Thanks for the answer, but i could not locate example of pairwaise similarity in the workflow. However, there are "matched pairs" similarity examples in it. Can you please tell am i missing something.
I want all possible unique pairs and their similarity.
If you look at the Similarity Matched Pairs section, at the point of the first "Loop End' node, this is a table of all possible Pairs of compounds with Tanimoto Similarity reported. Is this what you are after ?
To get only the unique pairs, within the loop you could filter out all results in the table using the exact match as a marker (i.e. when similarity equals 1). For example remove all results in the table that come after the exact match in each loop.
Then you would be left with unique pairs only.
Filtering with similarty will not solve the problem. Since, pairs like 1_0 and 0_1 are same and will not be filtered out based on similarity. In your example 68 molecules produce 4624 pairs, which are all possible pairs. But there will be only 2278 unique pairs, I want these.
Can you help?
Have you looked at the distance matrix calculator node? You can input a table of fingerprints and have the tanimoto similarity calulated for each previous molecule in the column you are looking at.
Attached are screenshots of the nodes/output.
Thanks Aaron and Simon,
I found another way around, by using "reference row filter" againts a list of desired subset (unique pairs) created using python (out side knime). I couldnt get a simple way though.

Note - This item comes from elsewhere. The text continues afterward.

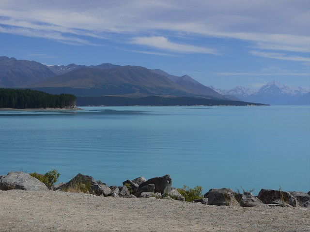 Die erste Nacht im Wohnmobil empfanden wir alle als sehr kalt. So brauchten wir eine Weile, um in die Gänge zu kommen. Nachdem jeder durch eine warme Dusche wieder aufgetaut war, gab es Frühstück an unserem Tisch. Anika saß im Mobiseat und fühlte sich wohl. Der Tag schien sonnig und warm zu werden und so brachen wir bald auf, nicht ohne noch ein Familienbild auf dem Campingplatz von Fairlie geschossen zu haben. Heute ging es zum Lake Tekapo, der uns nach eintöniger Fahrt durch hügeliges Land mit vertrocknetem Gras und vielen Schaffarmen durch sein strahlendes Türkis wie eine unwirkliche Erscheinung vorkam. Wie auf nachträglich bearbeiteten Postkarten wirkte die Farbe des Sees, die durch Sedimente hervorgerufen wird. Umringt war der See von hohen Bergen, von denen in der Ferne manche auch mit Schnee bedeckt waren. Auf einer kleinen Anhöhe vor dem See stand malerisch die Church of the good Shepherd. Wir hielten auf dem dazugehörigen Parkplatz an, besichtigten kurz die Kirche, zogen es dann aber vor, den felsigen Strand entlangzulaufen und in das kalte Wasser zu fassen. Jana watete sogar ein kleines Stück in den See hinein. Anika hingegen untersuchte lieber die Steine am Strand. Sowohl der Strand als auch die Kirche sind ein beliebtes Fotomotiv. Während unserer Anwesenheit wurde es gleich von zwei chinesischen Hochzeitspaaren für Erinnerungsfotos genutzt wurde. Auf einer weiteren Anhöhe über dem Strand befand sich ein Denkmal für alle Hütehunde des Landes, das Sheepdog Memorial. Der landläufigen Meinung entsprechend galt es wohl vielmehr als Denkmal für den Hund des Schafsdiebes Mackenzie, der über 1000 Schafe zusammengeklaut und in diese Gegend geführt hatte. Dieser Dieb genießt selbst heute noch große Achtung, trägt doch das gesamte Verwaltungsgebiet seinen Namen. In der Nähe liegt die kleine Ortschaft Lake Tekapo, deren Zentrum eine übersichtliche Ladenzeile bildet. Dort bot sich für uns die Gelegenheit für eine kleine Auffrischung unserer Nahrungsvorräte, und es gab den sommerlichen Temperaturen entsprechend ein Eis für jeden, das wir im Schatten eines Baumes auf einer Decke genossen. Es gab die Möglichkeit zu Rundflügen über den See und das Massiv rund um den Mount Cook. Wir informierten uns in einem Büro und buchten kurz entschlossen einen Flug, der noch am selben Tag gehen sollte. Die Zeit bis dahin überbrückten wir im Restaurant McKenzies mit Wedges und Getränken und einem tollen Blick auf den See. Möwen saßen bettelnd auf dem Rasen neben uns, und die Sonne brannte auf den Sonnenschirm über uns. Das Wasser des Sees leuchtete derweil unvermindert in schönstem Türkis. Unser Rundflug ging vom nahegelegenen Flugfeld. Wir fuhren mit einem Wohnmobil hin und saßen schon bald nach Ankunft im achtsitzigen Flieger. Dieser erhob sich ohne große Mühe und wir genossen den Ausblick, der sich unter uns entfaltete. Schroffe Berge umringten den See mit seiner malerischen Farbe. Eine Insel bildete einen schönen Kontrast. Wir überflogen die abgelegendste Schaffarm Neuseelands, die durch einen Fluss begrenzt wird. Es gibt nur eine Furt, um die Farm zu erreichen. Bei hohem Wasserstand des Flusses ist die Farm aufgrund einer fehlenden Brücke von der Welt abgeschnitten. Weiter ging es über das Delta des Godley River, in dem sich gräuliche Gletschersedimente mit dem türkisfarbenen Wasser des Lake Tekapo auf vielfältige Weise mischten. Schließlich erreichten wir die Southern Alps, überflogen Gletscher und steile Berge und bestaunten die unberührten Zeugnisse der Naturgewalten unter blauem Himmel. Plötzlich tat sich vor uns die Westküste auf. Nur sehr selten im Jahr kann man diesen Blick überhaupt genießen. Zumeist ist die Küste wolkenverhangen. Wir hingegen sahen weit nach Norden und Süden in Gegenden, die wir erst viel später auf unserer Reise aus nächster Nähe wiedersehen sollten. Mit einem Schlenker über den Franz-Josef-Gletscher und den Fox-Gletscher bog der Flieger wieder ab ins Gebirge. Wir umflogen den Mount Cook in seiner ganzen Erhabenheit, sahen den Lake Pukaki in der Ferne, den Tasman Lake mit auf ihm schwimmenden Eisbergen. Voller Eindrücke kehrten wir wieder zum Flugfeld zurück und ließen uns dort mit breitem Grinsen in den Gesichtern vor dem Flugzeug fotografieren. Noch einmal kehrten wir bei McKenzies ein, tranken etwas und genossen dabei den Blick über den Lake Tekapo, der unter wolkenfreiem, blauem Himmel im Sonnenschein glänzte. Anschließend fuhren wir zum Lake Pukaki, wieder durch ödes, flaches, vertrocknetes Land. Dieser See hatte ebenso seinen ganz besonderen Reiz, wussten wir doch, dass Teile des Hobbits hier gedreht wurden. Wir versuchten zu erraten, welche Szene wo entstanden sein könnte. Außerdem genossen wir den Anblick des Mount Cook, der majestätisch über dem See und andere, kleinere Gipfel thronte. Schließlich erreichten wir das Glentanner Park Centre, wo wir diese Nacht verbringen sollten. Wir parkten beide Wohnmobile wieder nebeneinander und genossen unser Abendbrot in der lauwarmen Luft des Abends. Unter dem Kreuz des Südens ließen wir den Abend ausklingen. Die Toiletten waren durch eine Vielzahl von durch das Licht angezogener Insekten verschiedener Form und Größe gut besucht. Wir hingegen gingen in Erwartung einer wärmeren Nacht zu Bett.

I know, thats what I am explaining, I dont mean simply to remove the Exact Match cpds where Similarity =1, I mean to filter out all rows which occur AFTER the similarity =1 in each Loop iteration. This way, you will end up with your x by x matrix, but only the datapoints in one half diagonal of the table (top left half). So you will be left with 2278 unique pairs
Hope that makes it more clear.
Instead of using the similarity of 1 as the point to filter from. You could also use the current variable in the loop iteration if you make the rowID the same as the CpdID.